# Aim of the exercise
An exact transcription of the entries is required, with no images included.

# Dataset records
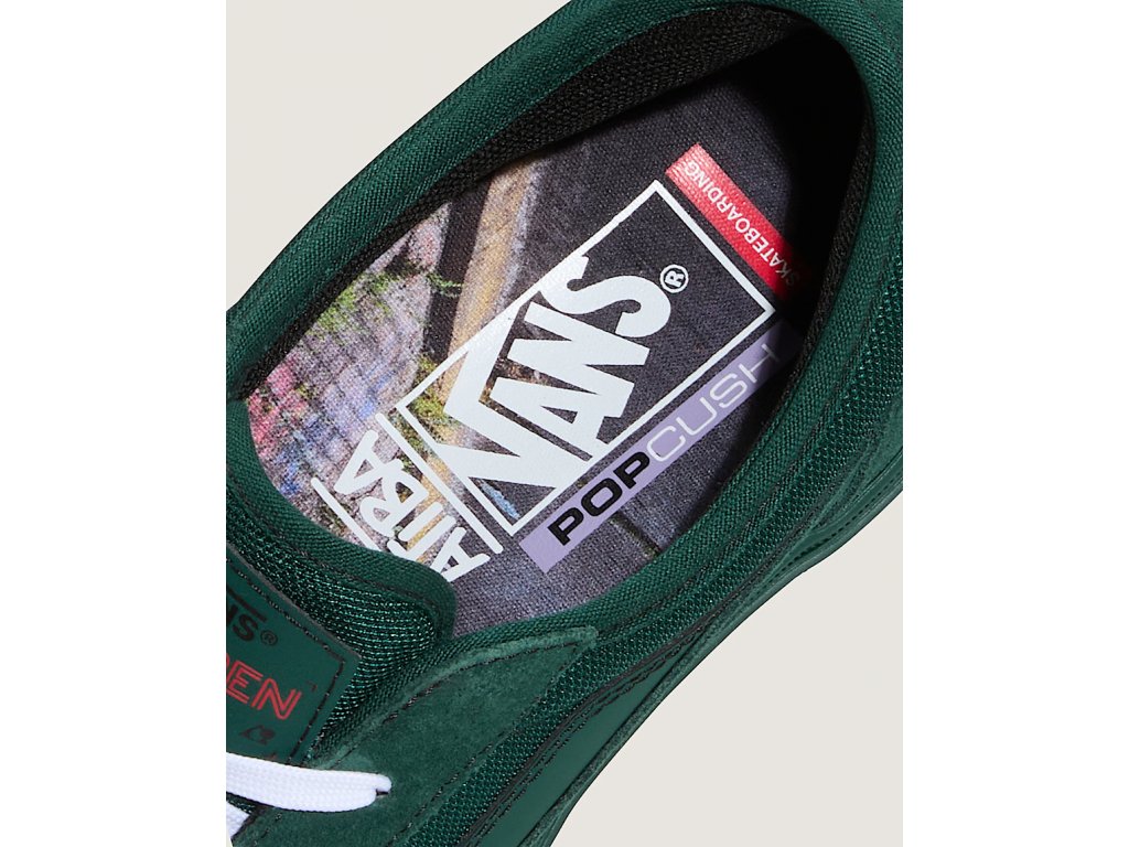 Colourway EMERALD GREEN je vytvorený v spolupráci s uznávaným skate fotografom menom Atiba Jefferson, ktorého fotky nájdeš na tlmiacoch vložkách topánok.
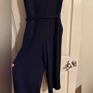 Women’s M Navy Blue Cropped Length Michael Kors Jumpsuit w Waist Tie and Pockets
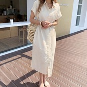 ワンピース レディース シャツワンピース ロング丈 袖あり 半袖 フレンチスリーブ 襟付き Iライン ウエストマーク ウエストリボン きれいめ シンプル カジュアル 大人 上品 おしゃれ お洒落 かっこいい 大人女子 こなれ感 ラフ 抜け感 フリーサイズ XL ライトベージュ 黒 ブラック カーキ 無地 夏 20代 30代 40代 50代 学生 通学 デート お出かけ 女子会 休日 イベント リゾート 旅行 着回し 普段使い 重ね着 モテ
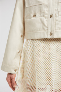 Elegant lines are paired with sophisticated fabrics in the Chatel linen and cotton jacket for women. A classic silhouette is revisited with sharp lines and clean shapes, seen here in the Chatel jacket. The style is crafted from a refined blend of cotton and linen. DETAILS - Crafted from cotton and linen blend twill - Recycled nylon technique lining - Button closure - Patch pockets SIZE AND FIT - The model is wearing a size 0 and is 180 cm tall - Regular fit - Cropped - Elasticized hemline COMPOSITION EXTERIOR: 74% Cotton, 26% Flax/Linen; OUTER BACK: 100% Polyamide / Nylon; LINING: 100% Polyamide / Nylon Product code K10931A00137598G6081 Made in Romania
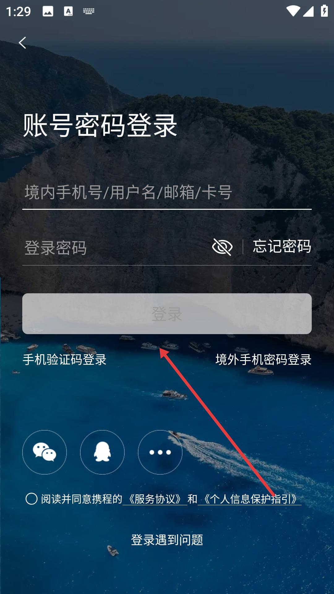 3、攜程旅行賬號密碼登錄頁面,可輸入境內手機號等賬號信息和登錄密碼登錄,也可選擇手機驗證碼登錄或境外手機密碼登錄,還可使用第三方賬號登錄。
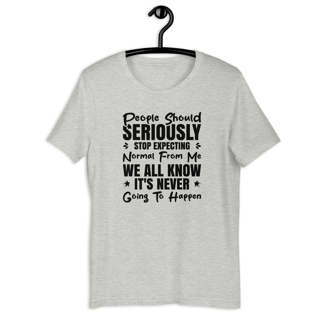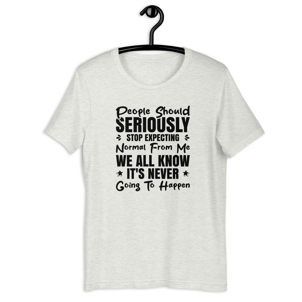 Funny, bold, and unapologetically true. The “People Should Seriously Stop Expecting Normal From Me — We All Know It’s Never Going to Happen” T-shirt is for anyone who proudly marches to the beat of their own drum. It’s playful, sassy, and a perfect reminder that being yourself is always more fun than fitting in.

# Written solution
 Colourway EMERALD GREEN je vytvorený v spolupráci s uznávaným skate fotografom menom Atiba Jefferson, ktorého fotky nájdeš na tlmiacoch vložkách topánok.
 Women’s M Navy Blue Cropped Length Michael Kors Jumpsuit w Waist Tie and Pockets
 ワンピース レディース シャツワンピース ロング丈 袖あり 半袖 フレンチスリーブ 襟付き Iライン ウエストマーク ウエストリボン きれいめ シンプル カジュアル 大人 上品 おしゃれ お洒落 かっこいい 大人女子 こなれ感 ラフ 抜け感 フリーサイズ XL ライトベージュ 黒 ブラック カーキ 無地 夏 20代 30代 40代 50代 学生 通学 デート お出かけ 女子会 休日 イベント リゾート 旅行 着回し 普段使い 重ね着 モテ
 Elegant lines are paired with sophisticated fabrics in the Chatel linen and cotton jacket for women. A classic silhouette is revisited with sharp lines and clean shapes, seen here in the Chatel jacket. The style is crafted from a refined blend of cotton and linen. DETAILS - Crafted from cotton and linen blend twill - Recycled nylon technique lining - Button closure - Patch pockets SIZE AND FIT - The model is wearing a size 0 and is 180 cm tall - Regular fit - Cropped - Elasticized hemline COMPOSITION EXTERIOR: 74% Cotton, 26% Flax/Linen; OUTER BACK: 100% Polyamide / Nylon; LINING: 100% Polyamide / Nylon Product code K10931A00137598G6081 Made in Romania
 3、攜程旅行賬號密碼登錄頁面,可輸入境內手機號等賬號信息和登錄密碼登錄,也可選擇手機驗證碼登錄或境外手機密碼登錄,還可使用第三方賬號登錄。
 Funny, bold, and unapologetically true. The “People Should Seriously Stop Expecting Normal From Me — We All Know It’s Never Going to Happen” T-shirt is for anyone who proudly marches to the beat of their own drum. It’s playful, sassy, and a perfect reminder that being yourself is always more fun than fitting in.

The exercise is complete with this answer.